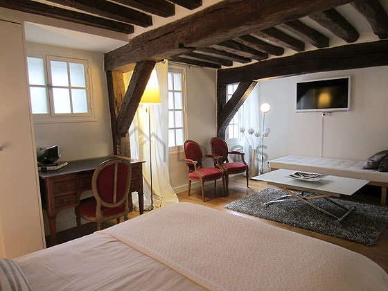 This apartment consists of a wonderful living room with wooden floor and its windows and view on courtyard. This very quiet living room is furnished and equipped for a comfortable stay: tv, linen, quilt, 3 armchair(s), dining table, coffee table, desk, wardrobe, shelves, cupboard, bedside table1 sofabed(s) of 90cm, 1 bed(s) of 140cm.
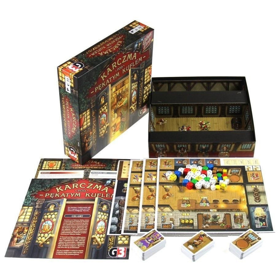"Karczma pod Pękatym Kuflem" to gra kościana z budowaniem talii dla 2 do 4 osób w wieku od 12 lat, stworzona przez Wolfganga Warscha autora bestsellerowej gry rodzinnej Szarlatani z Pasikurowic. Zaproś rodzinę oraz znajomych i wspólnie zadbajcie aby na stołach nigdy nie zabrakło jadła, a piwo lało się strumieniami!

###

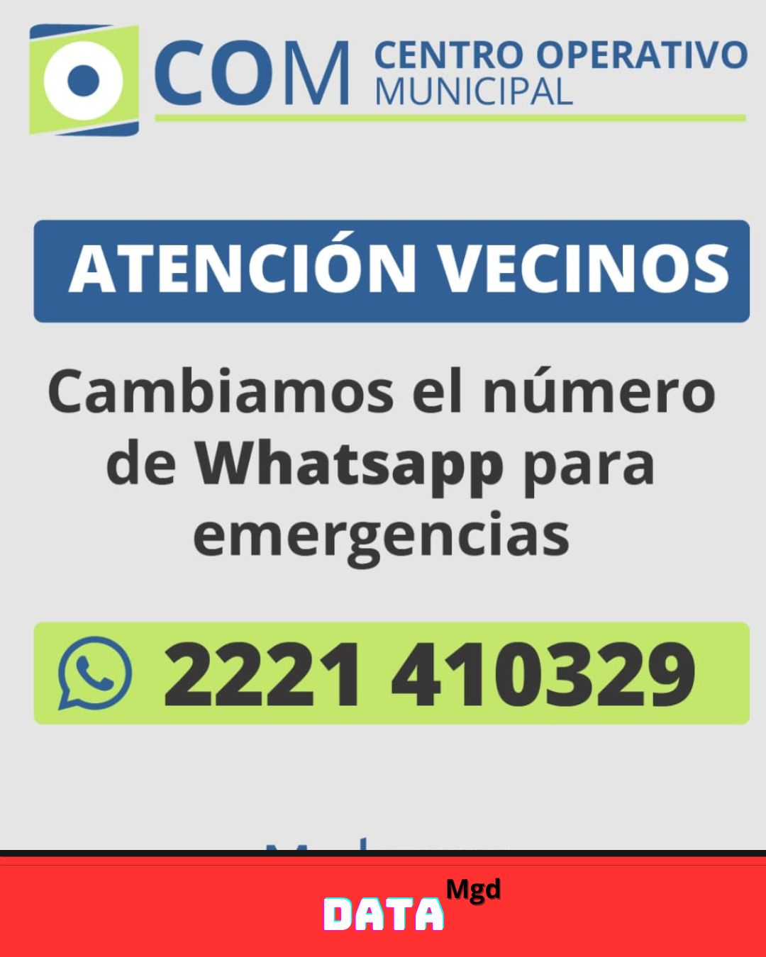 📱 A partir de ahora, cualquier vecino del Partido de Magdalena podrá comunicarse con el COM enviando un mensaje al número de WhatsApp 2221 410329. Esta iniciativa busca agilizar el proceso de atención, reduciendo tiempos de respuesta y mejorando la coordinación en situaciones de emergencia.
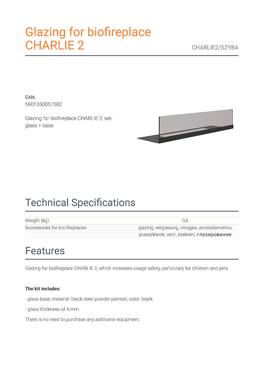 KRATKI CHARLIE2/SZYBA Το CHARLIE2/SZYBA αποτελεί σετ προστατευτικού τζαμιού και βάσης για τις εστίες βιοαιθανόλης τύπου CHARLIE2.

###

__Assigned task__:
All lines above from the one containing "This apartment consists" up to and including the one containing "lało się strumieniami!" are to be set down exactly, and nothing else. Leave images out.

__Answer below__:
 This apartment consists of a wonderful living room with wooden floor and its windows and view on courtyard. This very quiet living room is furnished and equipped for a comfortable stay: tv, linen, quilt, 3 armchair(s), dining table, coffee table, desk, wardrobe, shelves, cupboard, bedside table1 sofabed(s) of 90cm, 1 bed(s) of 140cm.
"Karczma pod Pękatym Kuflem" to gra kościana z budowaniem talii dla 2 do 4 osób w wieku od 12 lat, stworzona przez Wolfganga Warscha autora bestsellerowej gry rodzinnej Szarlatani z Pasikurowic. Zaproś rodzinę oraz znajomych i wspólnie zadbajcie aby na stołach nigdy nie zabrakło jadła, a piwo lało się strumieniami!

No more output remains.